↓↓↓

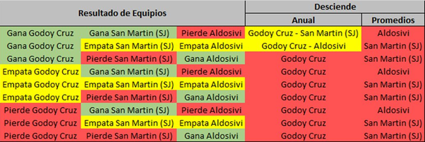 Godoy Cruz: el más comprometido. Necesita ganar y que haya un perdedor entre San Martín y Aldosivi para forzar un desempate. Si empata o pierde, desciende automáticamente.
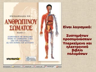 το εκπαιδευτικό λογισμικό «Εγκυκλοπαίδεια του Ανθρώπινου Σώματος»,
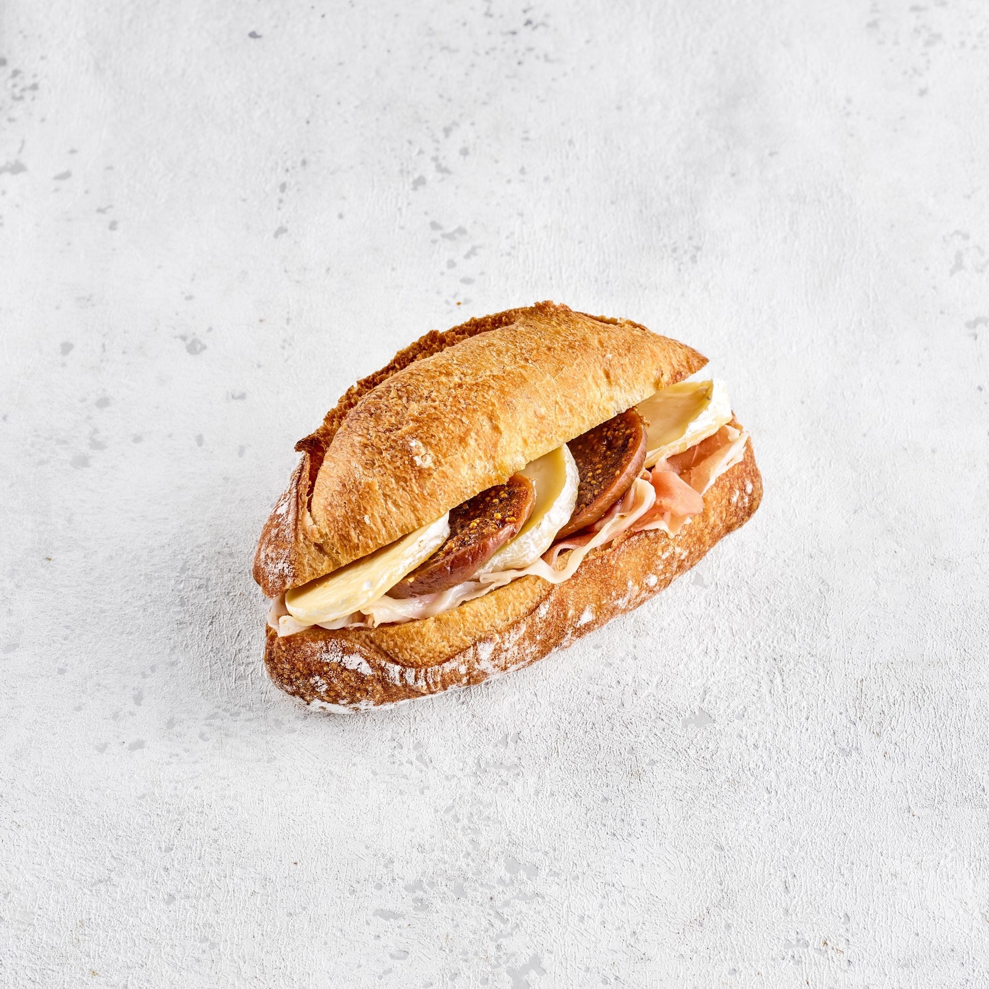 説明:ブリーチーズが主役のバゲットサンド。セミドライフィグと生ハムのシンプルな組み合わせで、お酒にも相性抜群です!

↑↑↑

## WHAT NEEDS TO BE DONE
No image belongs in the copy. Transcribe the full listing verbatim.

## EXERCISE RESULT
 Godoy Cruz: el más comprometido. Necesita ganar y que haya un perdedor entre San Martín y Aldosivi para forzar un desempate. Si empata o pierde, desciende automáticamente.
 το εκπαιδευτικό λογισμικό «Εγκυκλοπαίδεια του Ανθρώπινου Σώματος»,
 説明:ブリーチーズが主役のバゲットサンド。セミドライフィグと生ハムのシンプルな組み合わせで、お酒にも相性抜群です!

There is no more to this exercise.